Den grössten Einfluss hat die inländische Stromproduktion: 63 Prozent davon sind erneuerbar, der Grossteil davon ist Wasserkraft (58 Prozent). Der Beitrag der neuen erneuerbaren Energien, sprich aus der Sonnenenergie-, Biomasse-, Biogas-, Wind- und Abfallnutzung, beträgt rund 4,5 Prozent der gesamten Elektrizitätsproduktion. Zum Vergleich: Im letzten Jahr waren es 3,9 Prozent. Der grösste Zuwachs gab es in der Photovoltaik.
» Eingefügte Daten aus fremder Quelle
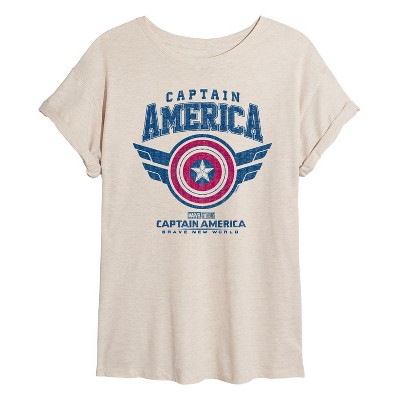 Women's Marvel Captain America Retro Stars And Stripes Oversized Graphic T-Shirt - Birch - Small
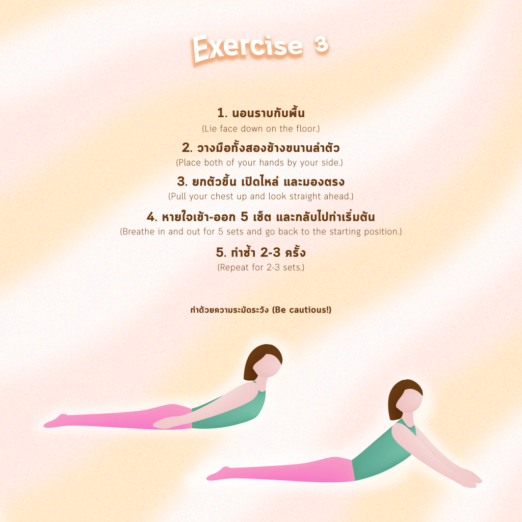 - Breathe in and out for 5 sets and go back to the starting position.

Einen wesentlichen Einfluss hat neben der Stromproduktion aber auch die Wärmeerzeugung. Heute sind 19 Prozent von unserem Wärmeverbrauch erneuerbar, im Jahr 2000 waren es erst 9,1 Prozent. Davon stammt rund die Hälfte aus modernen Holzfeuerungen, und rund ein Drittel wird mittels Wärmepumpen der Umwelt entzogen (d.h. der Luft, den Gewässern oder dem Boden). Weitere Beiträge kommen aus der Abwärmenutzung aus Abfallverbrennungsanlagen, Sonnenenergie und Klärgas.

Die Details sind nachzulesen in der Schweizerische Statistik der erneuerbaren Energien – Ausgabe 2015. Erste Zahlen für 2016 publiziert das BFE voraussichtlich im Juni 2017, und zwar hier.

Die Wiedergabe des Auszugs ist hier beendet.